Is Bureaucracy killing COSATU?

by Nov 13, 2013Amandla Issue 32, Magazine

Bureaucracy is defined as management or administration marked by hierarchical authority among numerous offices and by fixed procedures. The abuse of power by officials is a very old phenomenon in the labour movement worldwide. Bureaucratisation is seen in this article as a partial explanation of the current crisis in COSATU.

The bureaucratic elite

‘As workers, you gave power to the general secretary and killed worker control. When you did that, you tampered with the content and nature of the trade union movement.’

Spoken by a rank-and-file COSATU activist? Militant NUMSA shop steward? No! these are the words of ANC Secretary General Gwede Mantashe, former general secretary of the National Union of Mineworkers (NUM).

Of course Mantashe’s concern over worker control was not a call to action for the COSATU rank and files to recover the founding principles of COSATU. It was a factional intervention directed towards putting the boot into his former comrade, suspended COSATU general secretary Zwelinzima Vavi.

Perhaps, in the history of the South African labour movement, no single official did more to build an unaccountable bureaucracy of well-paid officials with privileges and a lifestyle light years removed from the conditions of your average worker than Gwede Mantashe. Through Cyril Ramaphosa and Mantashe’s influence it was organised that the Chamber of Mines would pay the salaries of NUM’s top officials. And not just any kind of salary, but some of the highest in the country.

In May 2012 the Mail & Guardian reported that the NUM general secretary, Frans Baleni, received a R1.4 million salary package. His basic monthly pay was revealed at the time to be R77 000. This puts him firmly in the top 1% of income earners in South Africa. And this is not all.
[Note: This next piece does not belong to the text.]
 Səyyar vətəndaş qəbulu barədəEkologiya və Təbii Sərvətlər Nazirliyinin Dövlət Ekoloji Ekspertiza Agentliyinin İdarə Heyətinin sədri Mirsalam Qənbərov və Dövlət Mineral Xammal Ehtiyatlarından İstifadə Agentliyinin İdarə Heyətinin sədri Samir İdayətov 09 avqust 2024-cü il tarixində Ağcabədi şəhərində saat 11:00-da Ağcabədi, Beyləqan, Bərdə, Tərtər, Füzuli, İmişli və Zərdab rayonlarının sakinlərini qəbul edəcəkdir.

His income was further boosted by an additional R360 000 for serving on the Board of the Development Bank of Southern Africa.
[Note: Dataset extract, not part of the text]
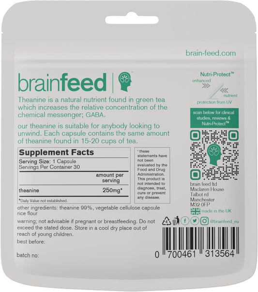 Natural L Theanine Capsules - 250mg Isolated Powder from Green Tea | GABA Support for Relaxation | Vegan - 30 Capsules
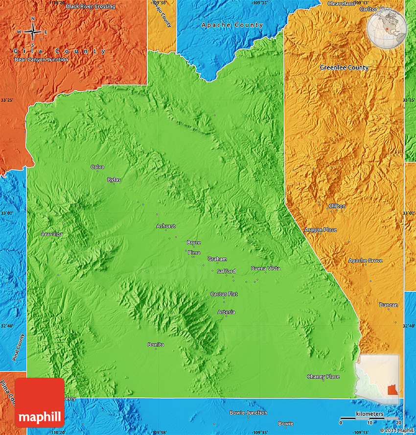 The flat political map represents one of several map types and styles available. Look at Graham County, Arizona, United States from different perspectives.

What about the NUM President, Senzeni Zokwana? After all, Mantashe was exhorting the presidents of the Union to assert their power over the officials in the interests of worker control. According to sources in NUM, the leadership of the union had decided that the general secretary and the president should earn similar amounts. It turns out, according to several sources, that for decades mining houses have paid the salaries of union bosses. Zokwana was paid by Anglo Gold Ashanti. The exact salary of Zokwana has not been revealed but it is estimated to be close to R1.5 million.
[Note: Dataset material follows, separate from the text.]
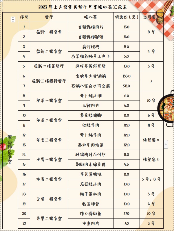2023上大食堂各餐厅暖心菜汇总

This should help him avoid any discomfort when being part of ANC and SACP executive meetings. He is a member of the ANC National Executive Committee and the SACP’s Politburo and Central Committee. His salary, while not the same as a cabinet minister (they earn in excess of R2 million) or the CEO of a major corporation – many of whom sit on the leading structures of these vehicles of the national democratic revolution – is not too shabby.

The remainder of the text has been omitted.